Nepal is developing country here lack of resource of staff, science and
technology and many more. How to people understanding mathematics? Which
culture student will came from this class room? In this essay I mention
development of ethno-mathematics, relation between teacher and student as ethno-mathematics
and major issue of ethno-mathematics as research prospective.
2.
How can Ethnomathematics help children in schools?
Many
educators may be unfamiliar with the term, yet a basic understanding of it
allows teachers to expand their mathematical perceptions and more effectively
instruct their students. Teachers and the public in general do not commonly say
that mathematics and culture are connected. When teachers do acknowledge a
connection, often they engage their students in multicultural activities merely
as a curiosity. Such activities usually refer to a culture's past and to
cultures that are very remote from that of the children in the class. This
situation occurs because teachers may not understand how culture relates to
children and their learning. An important component of mathematics education
today should be to reaffirm, and in some instances to restore, the cultural
dignity of children. Although multicultural mathematics activities are
important, they should not be our final goal. As our students experience
multicultural mathematical activities that reflect the knowledge and behaviors
of people from diverse cultural environments, they not only may learn to value
the mathematics but, just as important, may develop a greater respect for those
who are different from themselves.
To
acquire these skills while maintaining cultural dignity and to be prepared for
full participation in society require more than what is offered in a
traditional curriculum. Much of today's curriculum is so disconnected from the
child's reality that it is impossible for the child to be a full participant in
it. The mathematics in many classrooms has practically nothing to do with the
world that the children are experiencing. Just as literacy has come to mean
much more than reading and writing, mathematics must also be thought of as more
than, and indeed different from, counting, calculating, sorting, or comparing.
Today's
children are living in a civilization that is dominated by mathematically based
technology and unprecedented means of communication. Much of the content of
current mathematics programs does little to help students learn the information
and skills necessary to function successfully in this new world. It is
important to recognize that students and parents have a real expectation that
school will improve opportunities for employment. This requirement means that
educators must understand the evolution of the job market. The goal of
mathematics education should be to foster students' ability to successfully use
modern technology to solve problems and communicate their thinking and answers
as they gain an awareness of the capabilities and limitations of technological
instruments.
We
can help students realize their full mathematical potential by acknowledging
the importance of culture to the identity of the child and how culture affects
how children think and learn. We must teach children to value diversity in the
mathematics classroom and to understand both the influence that culture has on
mathematics and how this influence results in different ways in which
mathematics is used and communicated. We gain such an understanding through the
study of ethnomathematics.
Ethnomathematics
encourages us to witness and struggle to understand how mathematics continues
to be culturally adapted and used by people around the planet and throughout
time. Traditionally in mathematics classrooms, the relevance of culture has
been strangely absent from the content and instruction. The result is that many
students and teachers unquestioningly believe that no connection exists between
mathematics and culture. Failing to consider other possibilities, they believe
that mathematics is a cultural, a discipline without cultural significance.
This
a cultural mathematical perspective is reflected during instruction in several
ways. First, in many classrooms, students are not permitted to construct a
personal understanding of the mathematics that is presented.

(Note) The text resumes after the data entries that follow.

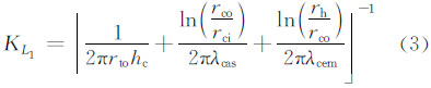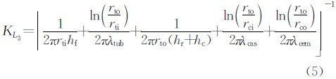L1,L2和L3段传热系数KL1,KL2和KL3的计算式为:
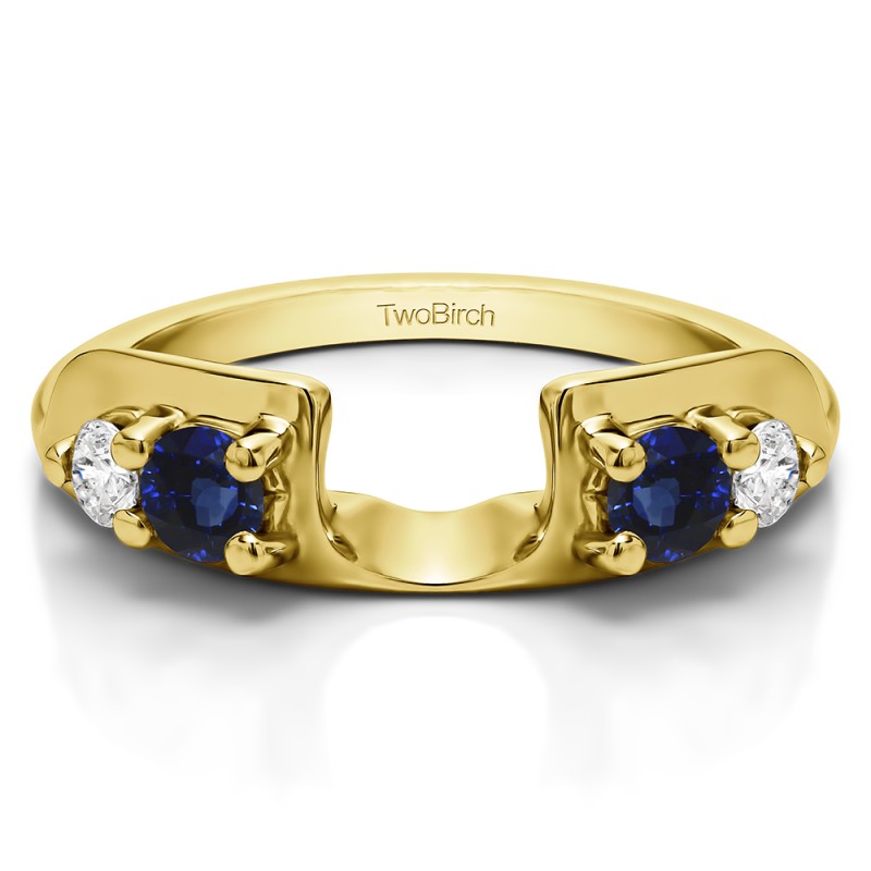 This ring wrap has 4 round, prong set stones with a total combined weight of 0.25 carats. It has a total width of 1.8 millimeters. The stones in the ring wrap jacket are graduated in size. This ring wrap is made to fit a round solitaire from 0.5 carat up to 0.75 carat, or a marquise solitaire from 0.25 carat up to 0.5 carat, or a princess solitaire from 0.5 carat up to 0.75 carat.
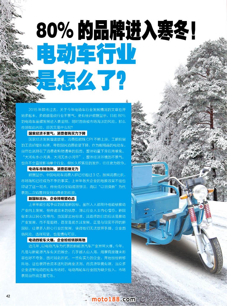 2016年的雜志在目前大環境下,將保持穩健的發展思路,進一步細化市場,提升服務。同時鞏固和維護好現有的市場。加強在電動車(三輪車、四輪車)宣傳和推廣力度,做好周邊市場的開拓工作,貼近市場運作,做好服務工作。傳統行業正遇上互聯網行業的跨界打劫,但是作為我們現在所從事的傳統產業同時還有一定的技術含量和要求的配件,受到的沖擊要少的多,但是我們要時時居安思危。

The values, traditions, beliefs, language, and
habits reflective of the culture of the students are ignored. In such
situations, the ways that children might invent personally meaningful
conceptualizations are not respected. Children are expected to assimilate
prescribed procedures by rote without necessarily gaining a deeper and
conceptually significant understanding of the mathematics that they are studying.
This
style of instruction unfortunately restricts learning to the length of time
that students accurately remember the procedures. An application of the
learning is also often context specific and poorly generalized because it is
limited to the types of problems practiced when the procedures were taught.
Students should be encouraged to construct personal mathematical understandings
and be able to explain their work. When cultural characteristics of the
children's invention, experience, and application of mathematics are realized
and respected, these students more closely resemble the budding mathematicians
we desire.
An
acultural mathematical curriculum also distorts the facts that children learn
about how mathematics has evolved and who has contributed to this evolution.
The historical contributions that are described are all too often Eurocentric,
paying homage to the fair-skinned Greeks as the purveyors of most of our
significant mathematical knowledge. Children are seldom taught that several of
the ancient Greek mathematicians, for instance, Pythagoras and Thales, the
legendary founder of Greek mathematics, traveled and studied in such places as
India and northern Africa, where they acquired much of their mathematical
knowledge. Students know little of the mathematical inventions or applications
of such ancient non-European people as the Egyptians, the Babylonians, the
Maya, and the Incas, to name but a few, because they have often not been taught
that many cultures have contributed to the development of mathematics, cultures
with members who were certainly intelligent, resourceful, and creative.
3. Dealing with cultural diversity
in the classroom
Ethnomathematics
applied in education had a Brazilian origin, but it eventually became common
practice all over the world. It has been extended from an exotic interpretation
to a way of intercultural learning that is applicable within any learning
context. Dealing with cultural diversity in the classroom is the universal context
within which each specific context has its place.
The
meaning of the ethno concept has been extended throughout its evolution. It has
been viewed as an ethnical group, a national group, a racial group, a professional
group, a group with a philosophical or ideological basis, a socio-cultural
group and a group that is based on gender or sexual identity (Powell 2002,
p.19). This list could still be completed but since lists will always be
deficient, all the more because some distinctions are relevant only in a
specific context, we use the all-embracing concept of cultural diversity. With
respect to the field of mathematics, and in line with Bishop’s (2002)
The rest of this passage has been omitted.